### Task item
Retype, word for word, the line holding "最是休闲区藏着巧思,新中式元" and each line after it down to the end of the data; pictures are not copied.

### Data segment
──────────
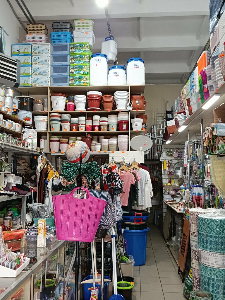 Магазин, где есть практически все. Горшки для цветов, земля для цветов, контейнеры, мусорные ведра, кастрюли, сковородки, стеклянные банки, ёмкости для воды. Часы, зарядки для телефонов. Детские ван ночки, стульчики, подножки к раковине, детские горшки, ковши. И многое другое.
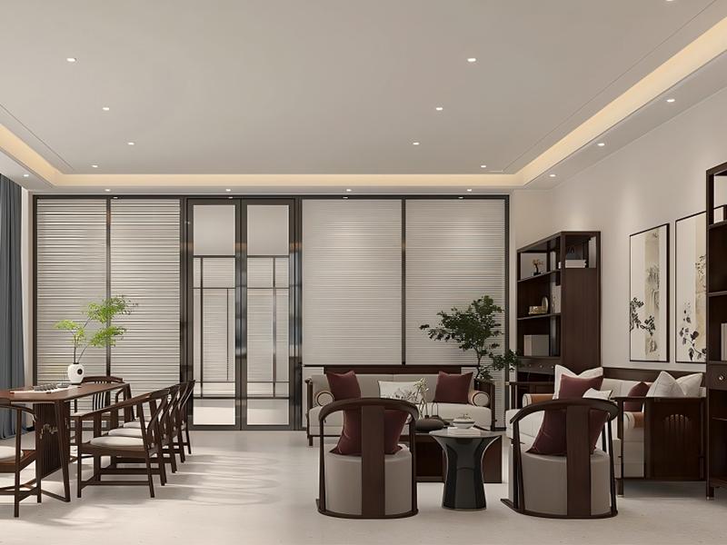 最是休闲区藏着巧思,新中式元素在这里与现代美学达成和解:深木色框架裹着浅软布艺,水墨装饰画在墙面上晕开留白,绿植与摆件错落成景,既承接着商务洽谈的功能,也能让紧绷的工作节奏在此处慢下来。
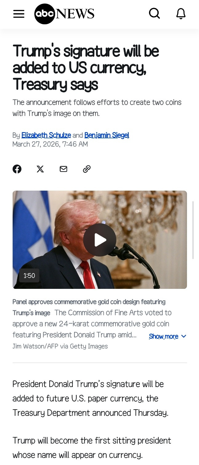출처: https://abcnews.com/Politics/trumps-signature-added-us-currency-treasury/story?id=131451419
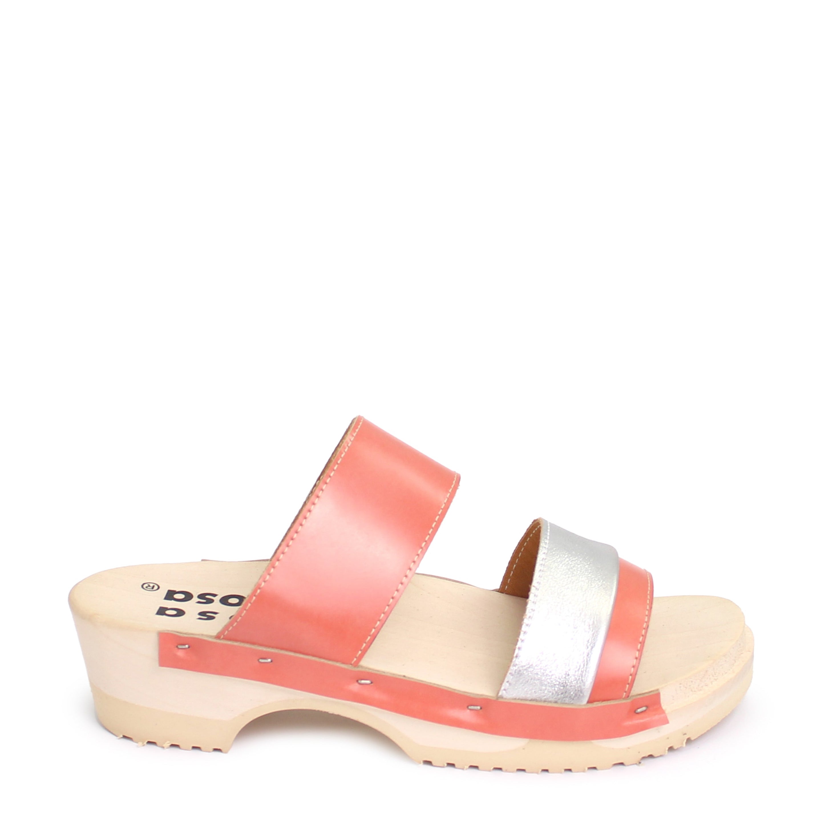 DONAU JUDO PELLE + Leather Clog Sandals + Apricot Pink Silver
──────────
### The completed task
 最是休闲区藏着巧思,新中式元素在这里与现代美学达成和解:深木色框架裹着浅软布艺,水墨装饰画在墙面上晕开留白,绿植与摆件错落成景,既承接着商务洽谈的功能,也能让紧绷的工作节奏在此处慢下来。
출처: https://abcnews.com/Politics/trumps-signature-added-us-currency-treasury/story?id=131451419
 DONAU JUDO PELLE + Leather Clog Sandals + Apricot Pink Silver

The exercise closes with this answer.